Background information
- Born: David Alden Lambert June 19, 1917 Boston, Massachusetts, U.S.
- Died: October 3, 1966 (aged 49) Connecticut Turnpike, Connecticut, U.S.
- Genres: Jazz
- Occupations: Musician, Songwriter
- Instrument: Vocals
- Years active: 1940s–1966

= Dave Lambert (American jazz vocalist) =

American jazz lyricist and singer (1917–1966)

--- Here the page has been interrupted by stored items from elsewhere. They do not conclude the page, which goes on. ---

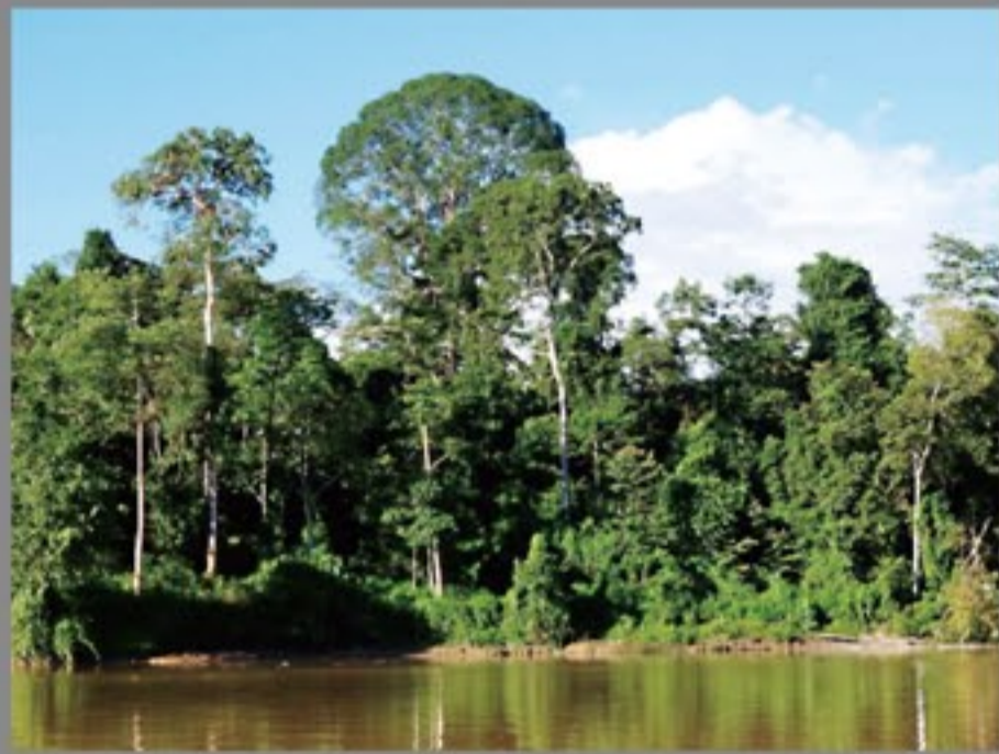
キナバタンガン川と 岸辺の熱帯雨林
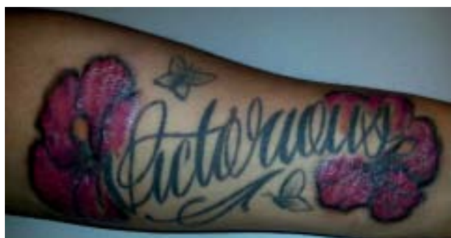
Figuur 1. Scherp begrensde rood-paarse, squameuze plaques in specifieke delen van een tatoeage op de linker onderarm.

Tatoeages zijn cosmetische versieringen van de huid die we steeds vaker om ons heen zien. Desondanks is dat niet zonder risico op complicaties. Wij presenteren een patiënte die een granulomateuze reactie ontwikkelde in specifieke delen van haar tatoeage, jaren nadat deze was geplaatst. Wegens een co-existente panuveïtis werd de diagnose sarcoïdose overwogen.
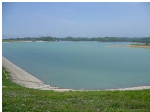
珊瑚潭 /烏山頭ダム湖はその美しさから珊瑚潭とも言われています
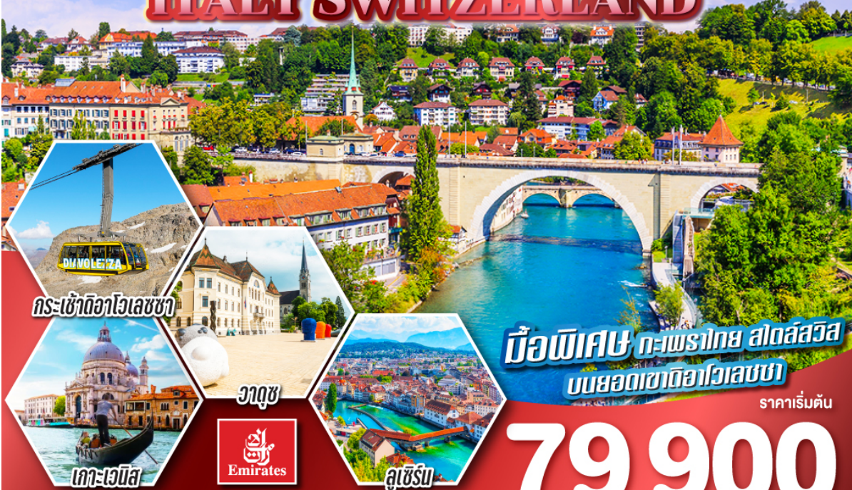
กระเช้าดิวาโวลูซซา
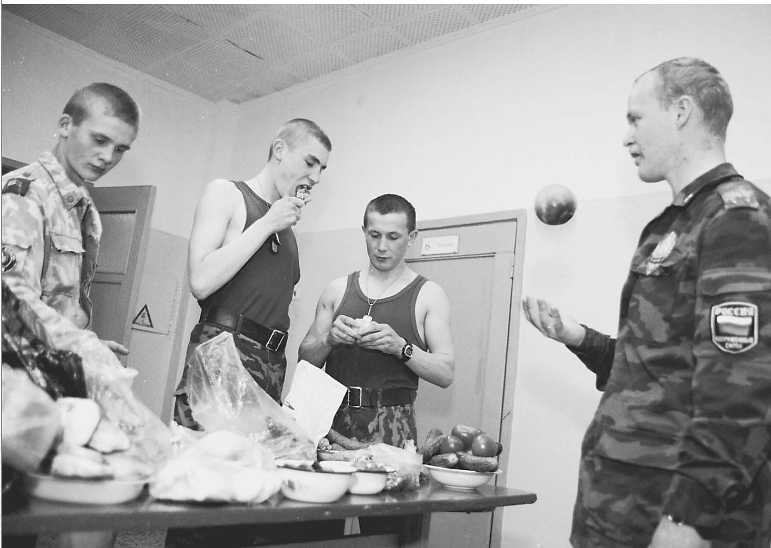
Солдатское «меню» усилят фруктами и овощами

Мясные продукты от поставщика Кремля — «Микояна», шоколад самого высокого качества фабрики имени Бабаева, столовые приборы и посуда из нержавеющей стали, а к этому всему — «шведский стол» из нескольких блюд. Министерство обороны с этого года резко меняет систему обеспечения военнослужащих питанием и их рационы.
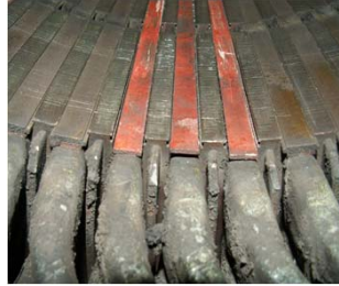
固定子内部の楔整備
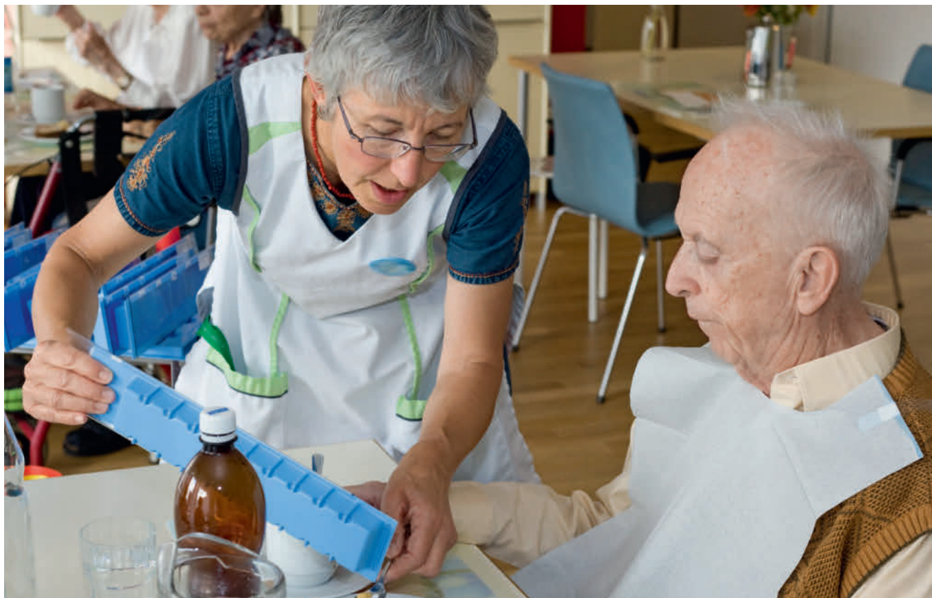
Betagte Männer und Frauen vertragen etliche Medikamente aufgrund eines veränderten Stoffwechsels nur schlecht. Dazu gehören auch Psychopharmaka, die in Pflegeheimen oft verschrieben werden.
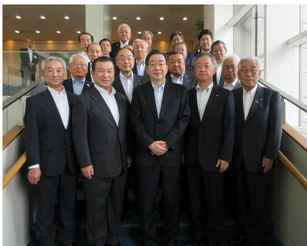
内藤尚志総務審議官

7月20日、全国町村会館において文部科学省幹部職員と本県町村長との意見交換会を開催した。文部科学省大臣官房審議官の安彦広斉氏を講師に招き、「小中学校教育を取り巻く現状と課題」について説明を受け、その後意見交換を行った。
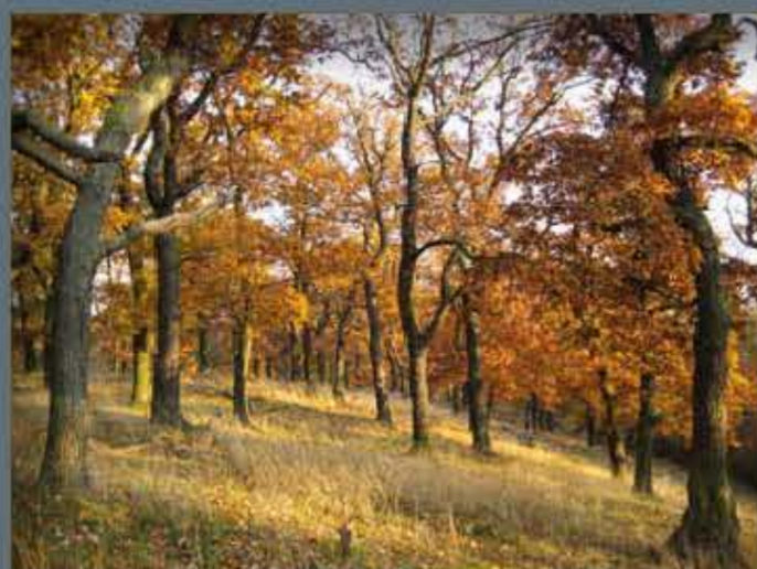
Burgesroth und Laubwälder bei Ballenstedt
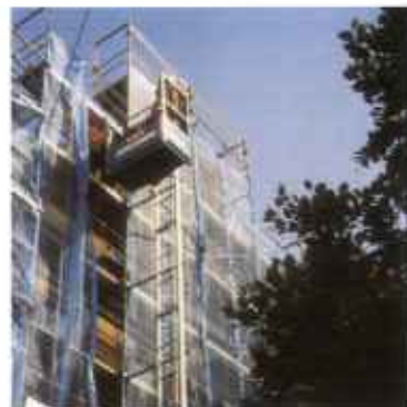
Schräg- und Senkrechtaufzug mit Zahnstange
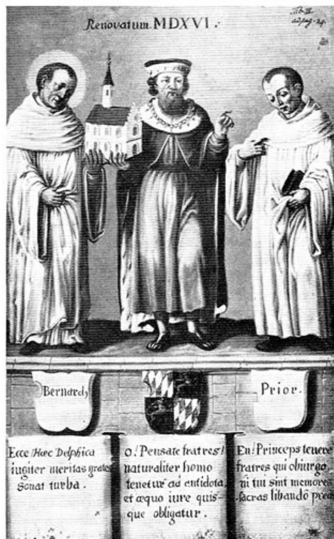
In der Mitte Herzog Ludwig der Strenge, rechts der Prior des Klosters, links der hl. Bernhard.
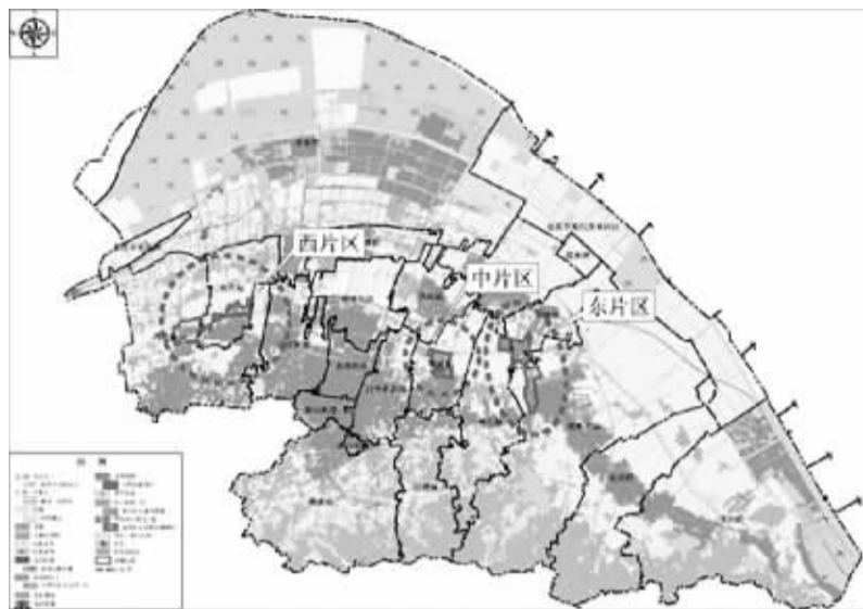
宁波慈溪智能家电高新技术产业园区区块图
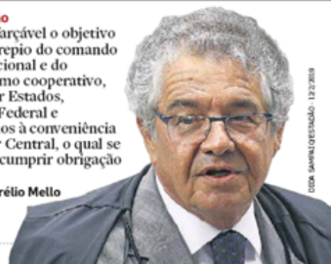
CELESTINO/ESTÁDIO - 12/2/2019

● Decisão “É indisfarçável o objetivo de, ao arrepio do comando constitucional e do federalismo cooperativo, submeter Estados, Distrito Federal e municípios à conveniência do Poder Central, o qual se recusa a cumprir obrigação criada.” Marco Aurélio Mello MINISTRO DO STF
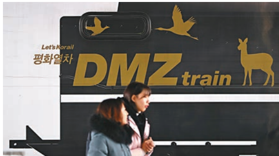
■韓國一輛寫有「和平號」的列車。

朝韓4月簽署《板門店宣言》時，就雙方鐵路與公路對接和現代化項目達成共識，並同意在共同考察結束後，於本月底或下月初舉行動工儀式。美國與朝鮮在6月舉行歷史性峰會，令半島局勢出現突破，但華府與平壤的無核化談判陷入僵局，導致朝韓鐵路計劃受阻。
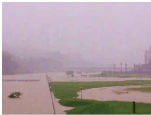
2012 年泰利颱風侵襲，政大堤外淹水照片

2000 年 11 月鄭校長上任，是我當選學生會第一屆會長後 5 個多月。他就職當天，象神颱風造成木柵地區大淹水。典禮結束後，我們就站在行政大樓門口，透過校內電話，解決我替同學提出的應變問題。
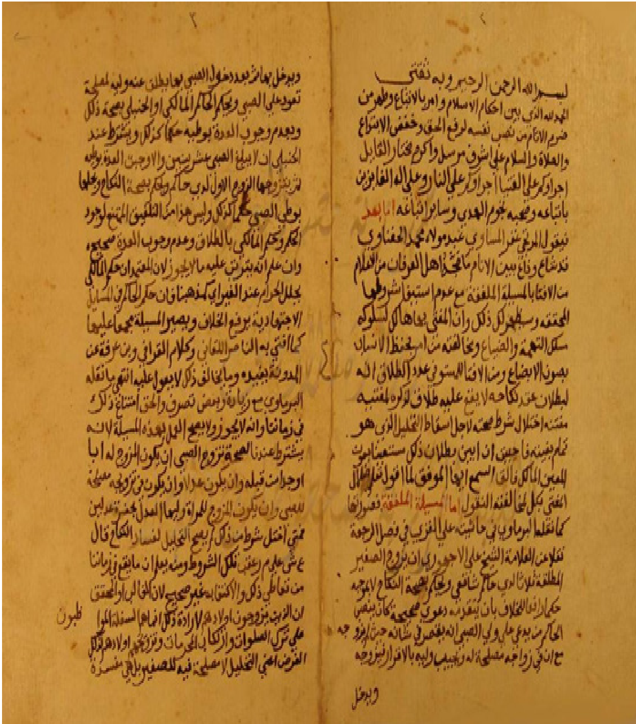
راموز الورقة الاولى من النسخة (أ)
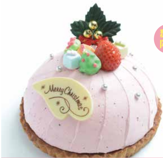
タルトレット・ローズ 直径 16cm 3,400円

さっくり手作りタルトのケーキ。 さっぱりした苺のムース&クリームでデコレーション。
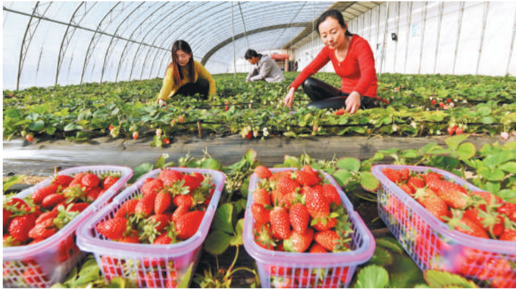
生态休闲农业鼓起农民“钱袋子”。图为游客在河北省临西县杨圈村一家庭农场采摘园采摘草莓。新华社记者 朱旭东摄

乡村旅游、农村电子商务、特色小镇、设施农业等农村新产业新业态用地将获政策支持。国土资源部近日表示,各地可以安排一定比例年度土地利用计划,专项支持农村新产业新业态和产业融合发展。
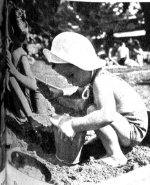
Ein kleines fleissiges Sandmännchen
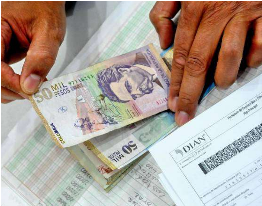
Imagen de referencia. La nueva reforma tributaria pretende ampliar los ingresos fiscales del país en $15 billones.

Marzo 16, 2021 - 11:50 p. m. Por: Redacción de El País
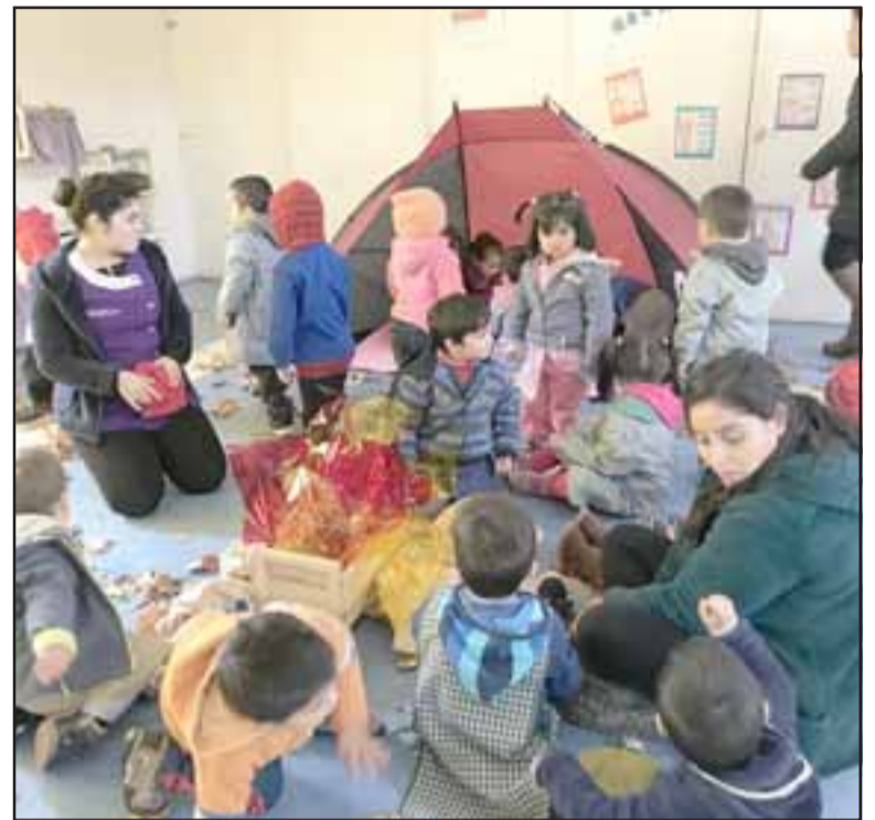
Las educadoras realizan actividades lúdicas para los niños, para que aprendan a través del juego libre, donde los adultos solo intervienen cuando los pequeños lo necesitan.
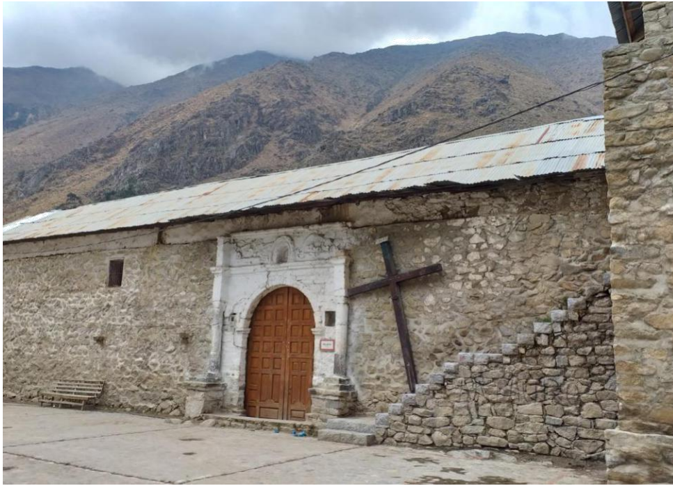
Figura 6 : Iglesia del distrito de Tupe
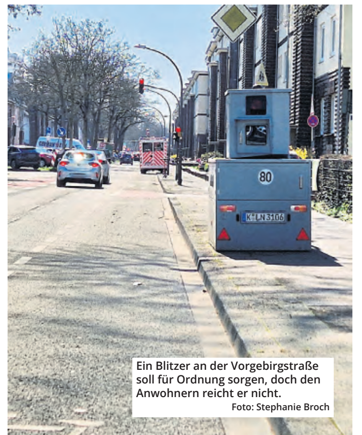
Ein Blitzer an der Vorgebirgstraße soll für Ordnung sorgen, doch den Anwohnern reicht er nicht.

Aufgrund der Zusage der Verwaltung zog die CDU ihren Antrag zurück. Wann die Seitenradarmessungen vorgenommen werden sollen, steht noch nicht fest.
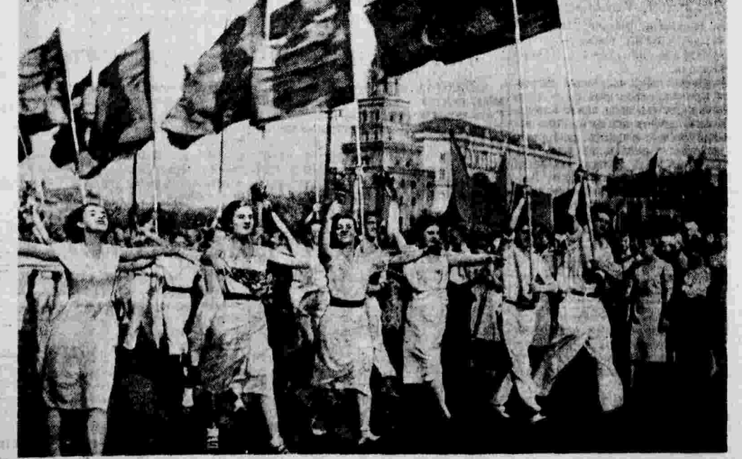
XXIV Международный юношеский день в Москве. На снимке: колонна Ленинского района направляется на Красную площадь.

Район учений, Московский военный округ. 6 сентября. (По телефону.)
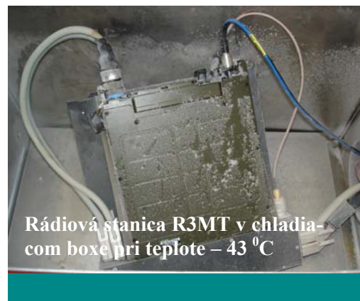
Rádiová stanica R3MT v chladiacom boxe pri teplote -43^{\circ}\text{C}

Záverom by sme mohli skonštatovať, že účasťou na rokovaní sme získali najnovšie informácie o rádiokomunikačných technológiách firmy Rohde & Schwarz i požiadavkách na vzdelanie budúcich používateľov. Návšteva okrem oficiálnych dohôd vytvorila podmienky na rozvoj spolupráce medzi AOS a firmami BAE, Rohde & Schwarz, Delta- B, Corinex, atď. v oblasti prípravy odborných a výcvikových manuálov na podporu implementácie, príprave programov na odbornú a vysokoškolskú prípravu špecialistov, účasť na kontrolných a vojenských skúškach.
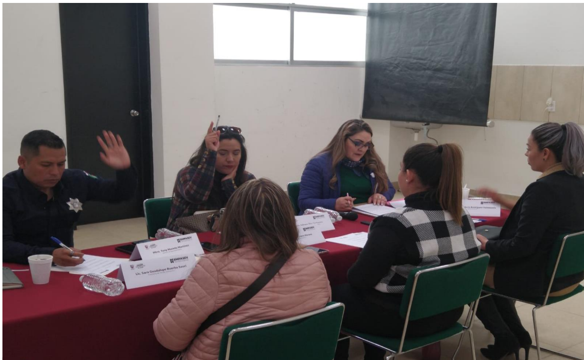
Primera Sesión Ordinaria de la comisión de Atención del (SMPASEV)
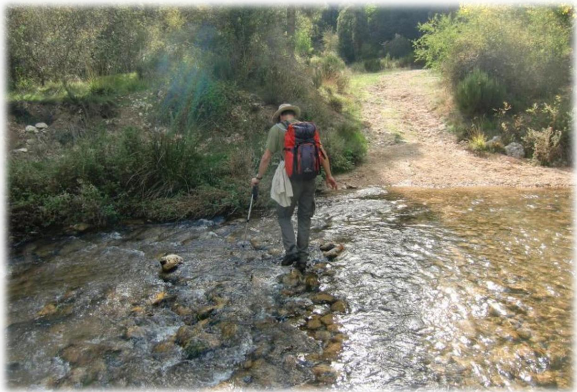
Ook Ivo geraakt aan de overkant met droge voeten.
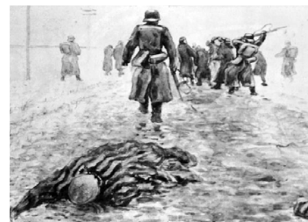
„Marsz Śmierci” - obraz M. Kuzniecowa
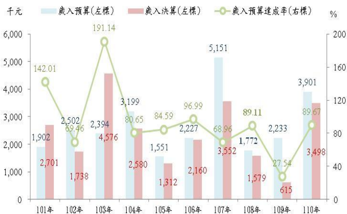
表 1 110 年高雄市田寮區公所 歲入預決算概況—按來源別分
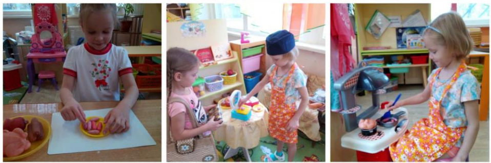
Сюжетно –ролевая игра «Животноводы»
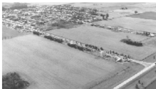
Foto: Máximo Paz esta rodeada por los monocultivos de soja.
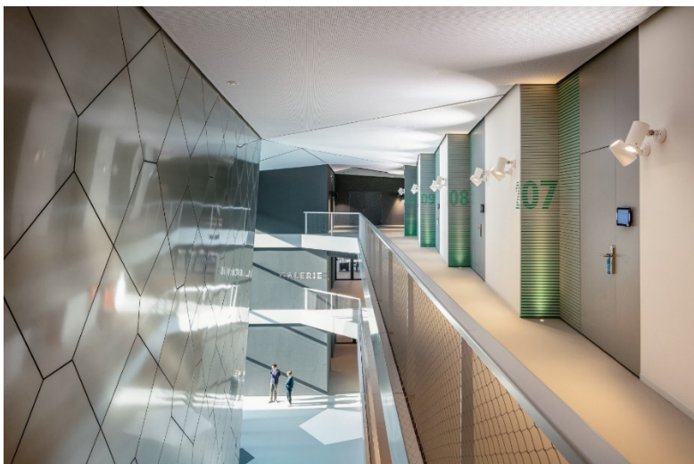
Bild 5: Die Zimmer der Spieler sind entlang des Boulevards aufgereiht. Von dort erfolgt der Zugang zu den Übernachtungsmöglichkeiten für je 2 Personen pro Zimmer. Foto: HG Esch

Bild 4: Immer wieder finden sich Geometrien des Fußballs als Gestaltungsmittel wieder. Auf dem Boden sind es die fünf Ecken eines klassischen Fußballs. Foto: HG Esch
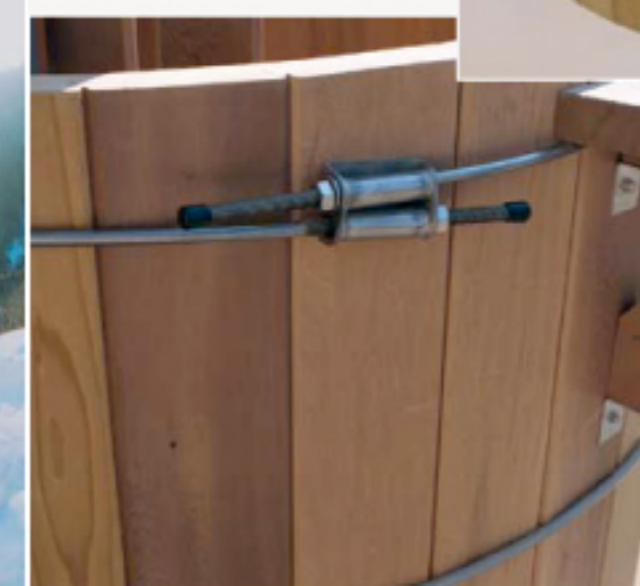
4. De ringen met koppellement voor het spannen van de duigen
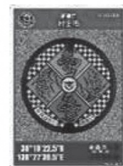
【神林地域】 道の駅神林 道路情報ターミナル
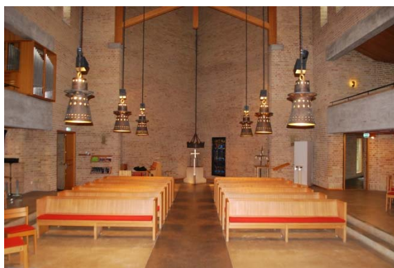
Kyrkan mot dopfunten.

David Alden Lambert (June 19, 1917 – October 3, 1966) was an American jazz lyricist, singer, and an originator of vocalese. He was best known as a member of the trio Lambert, Hendricks & Ross. Lambert spent a lifetime experimenting with the human voice, and expanding the possibilities of its use within jazz. In 2009 Lambert, Hendricks & Ross were all honored with induction into the ASCAP Jazz Wall of Fame.

==Career==
Lambert's band debut was with Johnny Long's Orchestra in the early 1940s. Along with early partner Buddy Stewart, Lambert successfully brought singing into modern jazz (concurrently with Ella Fitzgerald). In the late 1950s he teamed with wordsmith and vocalese pioneer Jon Hendricks. The two were later joined by Annie Ross, and the lineup was a hit.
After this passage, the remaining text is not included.